The Southern Ute Indian Tribe, unsatisfied with interim measures to deal with the continued pollution of its water supply by the town of Bayfield, has asked the state to immediately halt the release of effluent from Bayfield's maligned sewage-treatment plant into Dry Creek.
In a letter sent to the town of Bayfield and the Colorado Department of Public Health and Environment on Jan. 7, Southern Ute Tribal Council Chairman Matthew J. Box wrote that though the tribe "understands and appreciates" Bayfield's efforts to curb the polluting, the tribe has asked the state to take immediate enforcement measures.
"Based on the Tribe's review of recent correspondence between Town and State, and based on media reports and conversations between Town and Tribal staff, we have learned that not only have discharges from the Town's Gem Village wastewater treatment center been polluting Dry Creek but also that the town does not intend to take actions and measures to assure that the pollution will not recur during 2009," he wrote.
Box adds that waiting for the new plant to open, which is estimated to take between eight to 10 months, is "not an option" because of harmful environmental consequences.
The issue now rests on finding a balance between stopgap efforts and long-term solutions.
Tribal and town officials have exchanged calls since Jan. 1, going over proposed interim solutions to address the situation, an issue described by all sides as a protracted problem with few bad guys or easy answers. Some ideas to ease the problem have included increasing fines for illegal dumping and grease-trap inspections at restaurants.
The tribe has now said Bayfield is not willing to go far enough.
"I want to state clearly, we respect the tribe's position that they want a clean environment, a clean water supply. We want that too," Bayfield Town Manager Justin Clifton said. "This has been an exhaustive, comprehensive effort to reach regulatory compliance as fast as possible, but it's hard to undo 10 years of neglect in such a short period. None of this is simple."
Clifton was referring to the rocky term of the Bayfield Sanitation District, a special district now defunct and accused of maintaining faulty equipment and service. Bayfield decided to take over the district in May, 2006. On Jan. 1, 2009, the town assumed all assets and liabilities of the district, including its responsibility to limit human waste release into Dry Creek, which flows onto Southern Ute land and into the Pine River. Clifton said Bayfield - with a population of 2,100 - has spent or committed about $5,000 per resident on this issue.
"What's really important for people to realize is that we didn't create this problem; we took over the sanitation district to fix it. We have expounded countless resources trying to fix this problem," he said. "I don't know another community anywhere that has spent the kind of money that Bayfield has to fix a problem like this. We've done it because of our commitment to fix the sanitation district."

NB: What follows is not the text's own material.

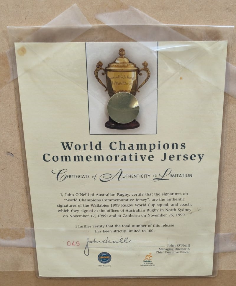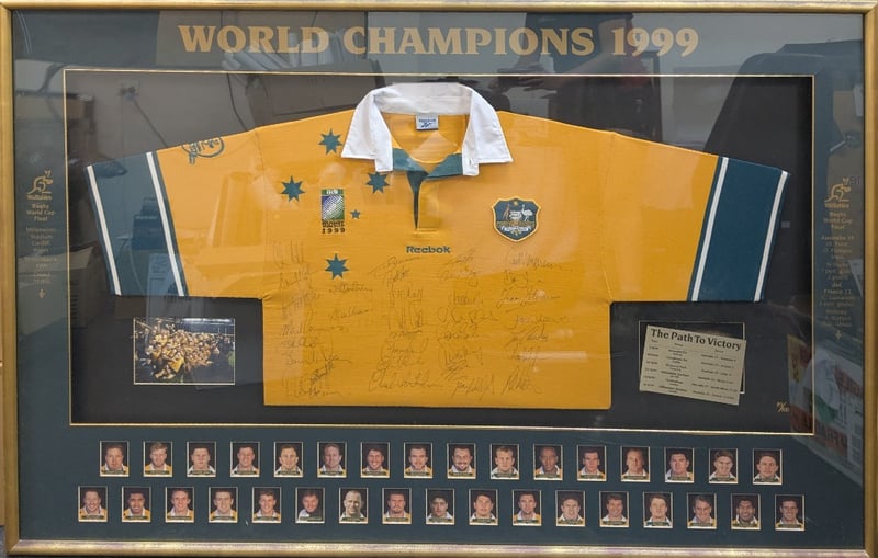 LIMITED EDITION 1999 WORLD CHAMPIONS SIGNED AND FRAMED WALLABIES JERSEY
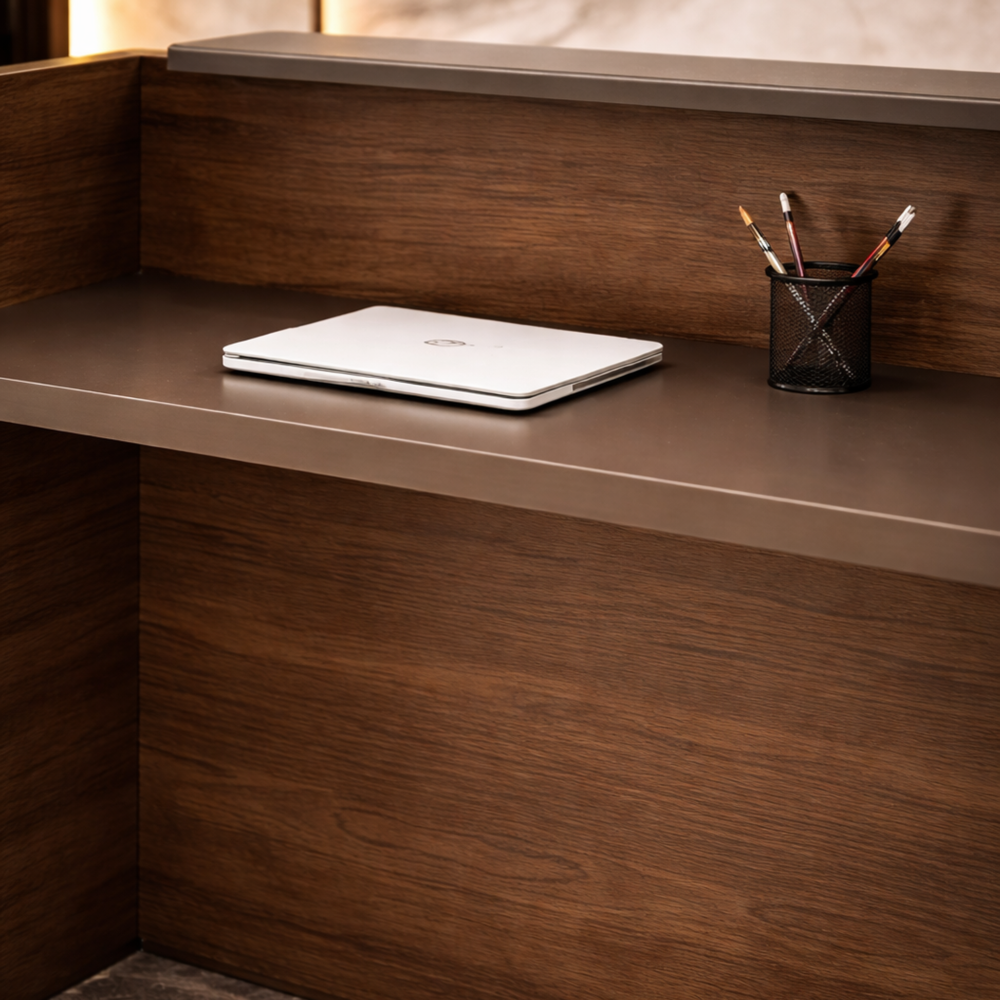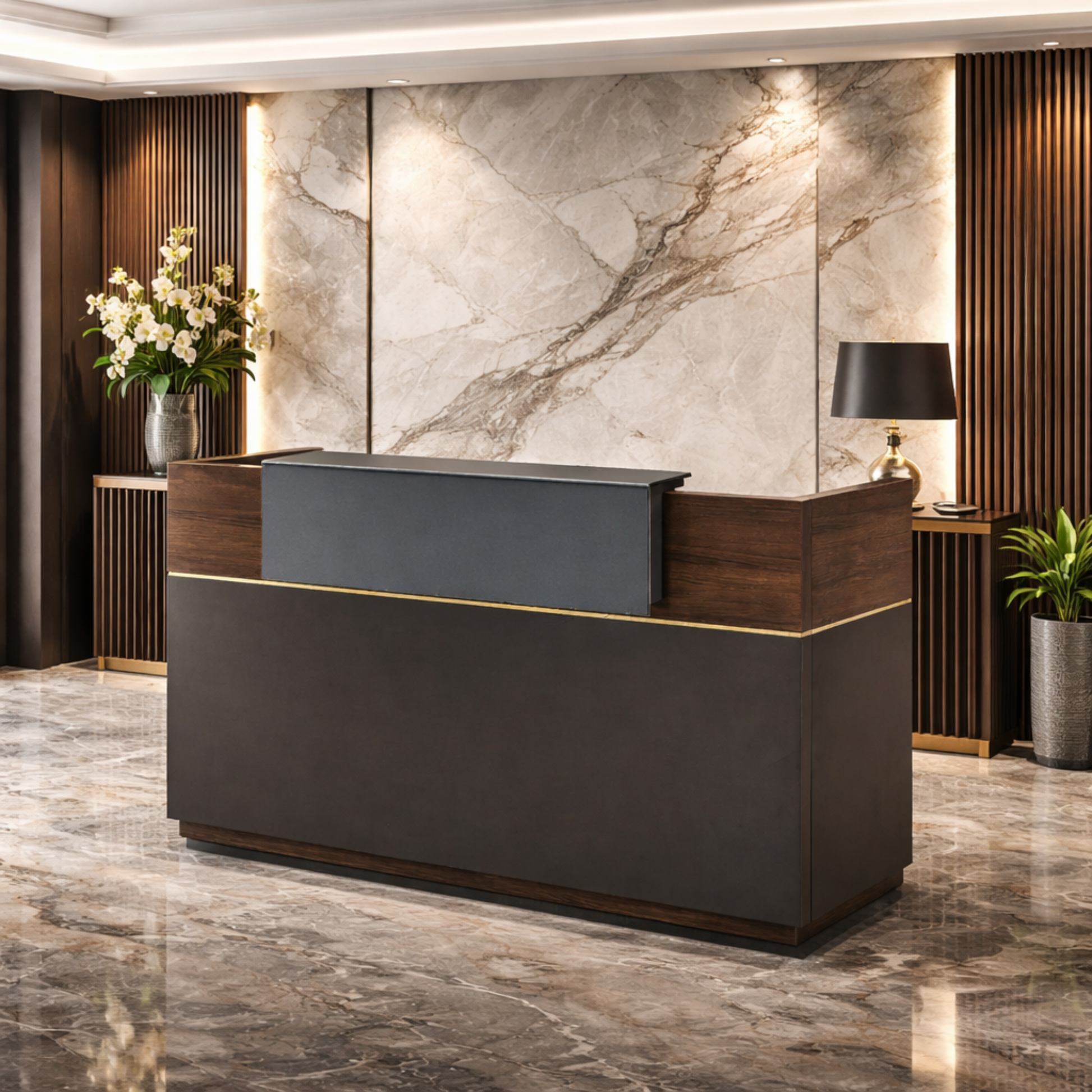 Reception Table C shaped high front panel with wood and laminate for lasting durability, natural feel and luxurious looks

Clifton said he worries that once permits and funding are secured for the short-term fixes, four to five months will have passed, leaving only about four to five more remaining before the long-term upgrades are scheduled to be in place. The money spent on these short-term answers won't do enough and could be better spent elsewhere, Clifton said.
But some think Bayfield's focus is in the wrong place.
"This is unacceptable to us. No one seems interested in ensuring that this environmental problem is fixed. It's degrading our water quality and impacting our wildlife," said Michiko Burns, Water Quality Program Manager for the tribe.
Burns described the way sewage can choke a town by killing off the food supply of the smallest members of an ecosystem first and precipitously working up the food chain.
"Once the bugs go, that's it," she said.
Attorney Sam W. Maynes, general counsel for the Southern Ute Indian Tribe, said the tribe understands the problems Bayfield faces are the product of years of mismanagement by the Bayfield Sanitation District, but the tribe cannot take chances with its water.
"Just because it costs a lot and just because it may take some time, may not be a reason to avoid making the improvements," he said. "We're disappointed that noncompliance has gone on for what we feel is an unacceptably long time, so we're anxious to see a solution."
Dave Akers, Clean Water Facilities Program Manager with the Colorado Department of Public Health and Environment, has been in regular contact with the tribe and Bayfield and said he doesn't expect this issue to make it to court.
Based on a three-month review of the Bayfield facility, he said, the state believes a solution can be reached without the state imposing fines, involving the Environmental Protection Agency or pursuing legal action.
"There are violations that are occurring, but their performance over the last few months has shown improvement and, I think, can be expected to continue."